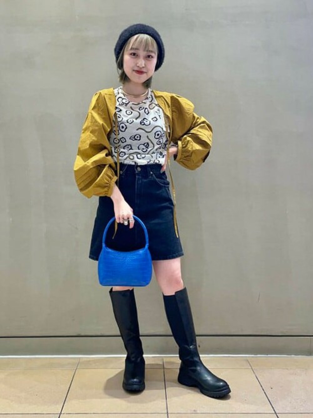 【今年のキーカラーはブルー!】ブルーのミニbagが映えてますね〜❤︎ ちょっぴりロックテイストでコーディネートを組みました!スカートはXSサイズ、ブーツは23cm、他はFREEサイズです!《♡+お気に入りで保存して後からすぐ見返せます!》 ビームス 天王寺 / カラツ ミナ
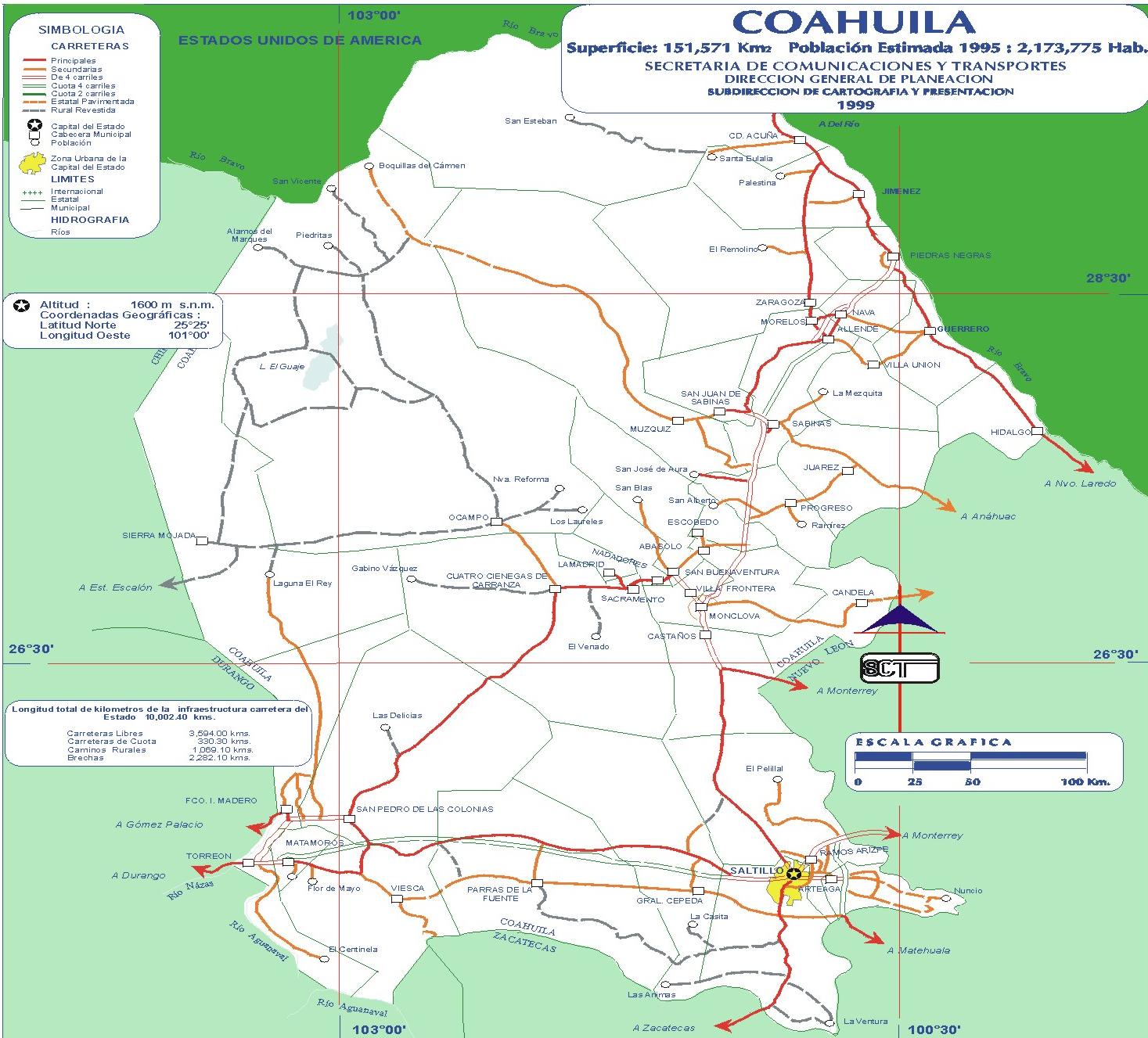 Región Carbonífera: Carreteras que unen Sabinas, San Juan de Sabinas, Múzquiz y Nueva Rosita con Monclova y Piedras Negras.
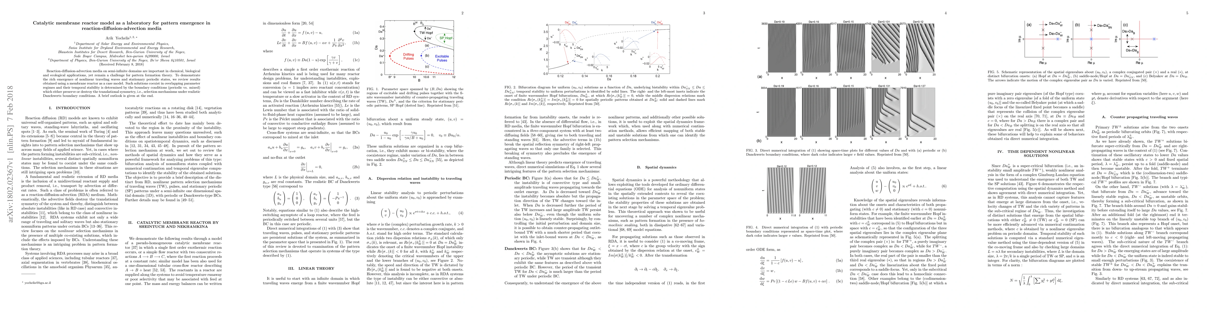 This paper explores the use of a catalytic membrane reactor model to study pattern emergence in reaction-diffusion-advection systems. It highlights the coexistence of nonlinear traveling waves and stationary periodic states under different boundary conditions, emphasizing the role of these conditions in determining temporal stability and selection mechanisms.
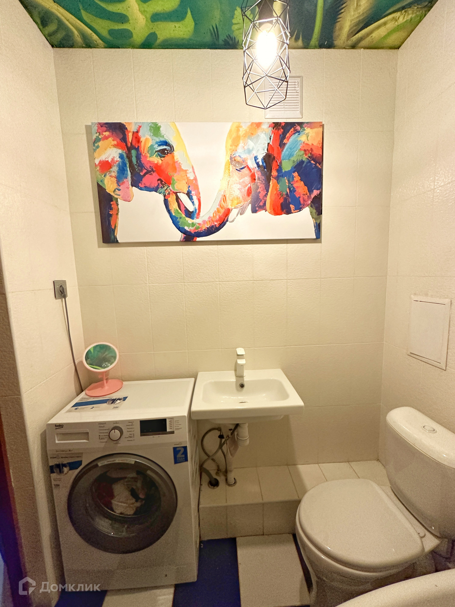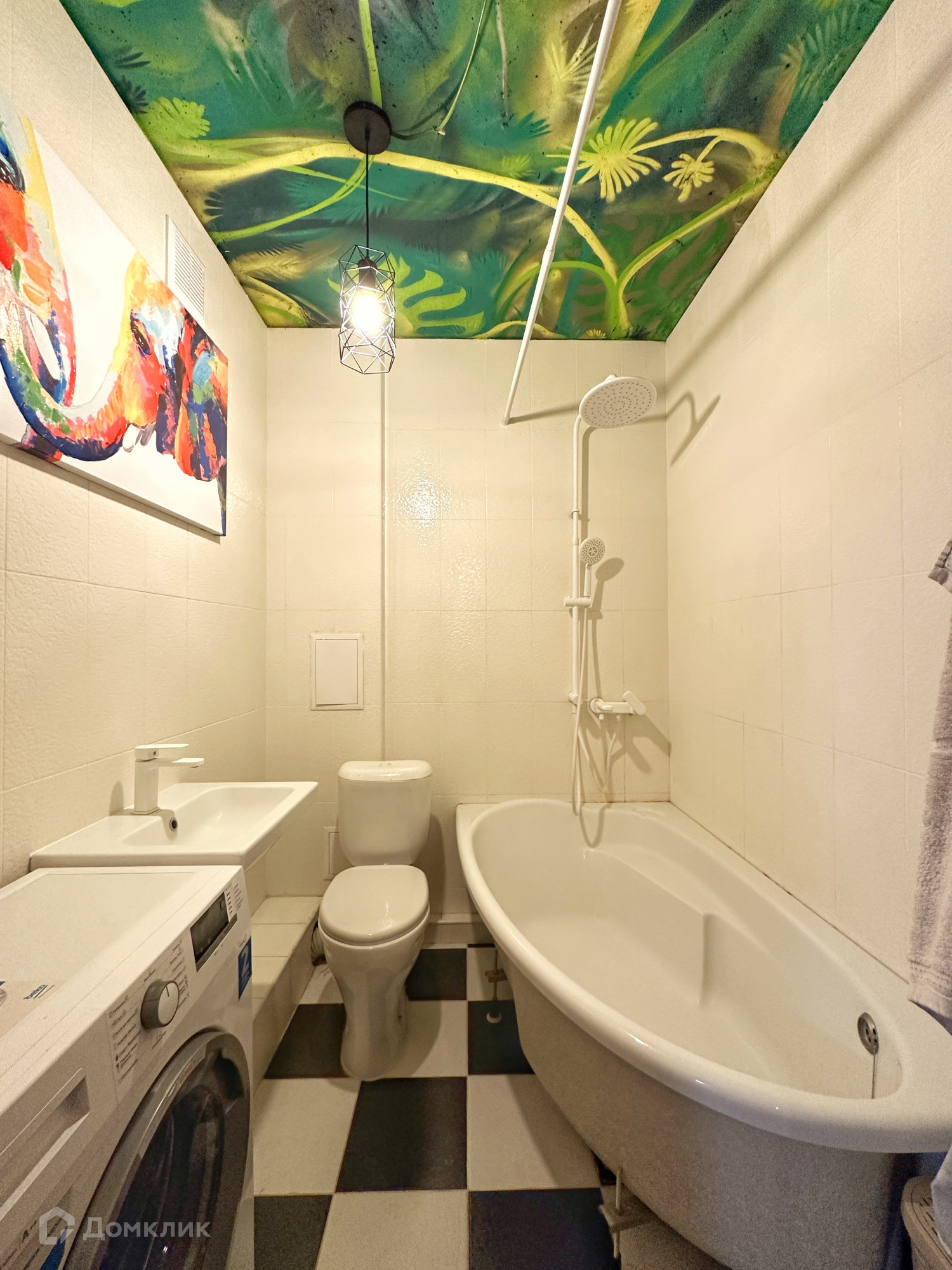 В ванной комнате установлены не только унитаз и раковина, но и поместились большая ванная со стиральной машиной, что большая редкость для студий.

Assignment: Type the listing out again word for word, passing over each picture.

Response for this exercise:
 【今年のキーカラーはブルー!】ブルーのミニbagが映えてますね〜❤︎ ちょっぴりロックテイストでコーディネートを組みました!スカートはXSサイズ、ブーツは23cm、他はFREEサイズです!《♡+お気に入りで保存して後からすぐ見返せます!》 ビームス 天王寺 / カラツ ミナ
 Región Carbonífera: Carreteras que unen Sabinas, San Juan de Sabinas, Múzquiz y Nueva Rosita con Monclova y Piedras Negras.
 This paper explores the use of a catalytic membrane reactor model to study pattern emergence in reaction-diffusion-advection systems. It highlights the coexistence of nonlinear traveling waves and stationary periodic states under different boundary conditions, emphasizing the role of these conditions in determining temporal stability and selection mechanisms.
 В ванной комнате установлены не только унитаз и раковина, но и поместились большая ванная со стиральной машиной, что большая редкость для студий.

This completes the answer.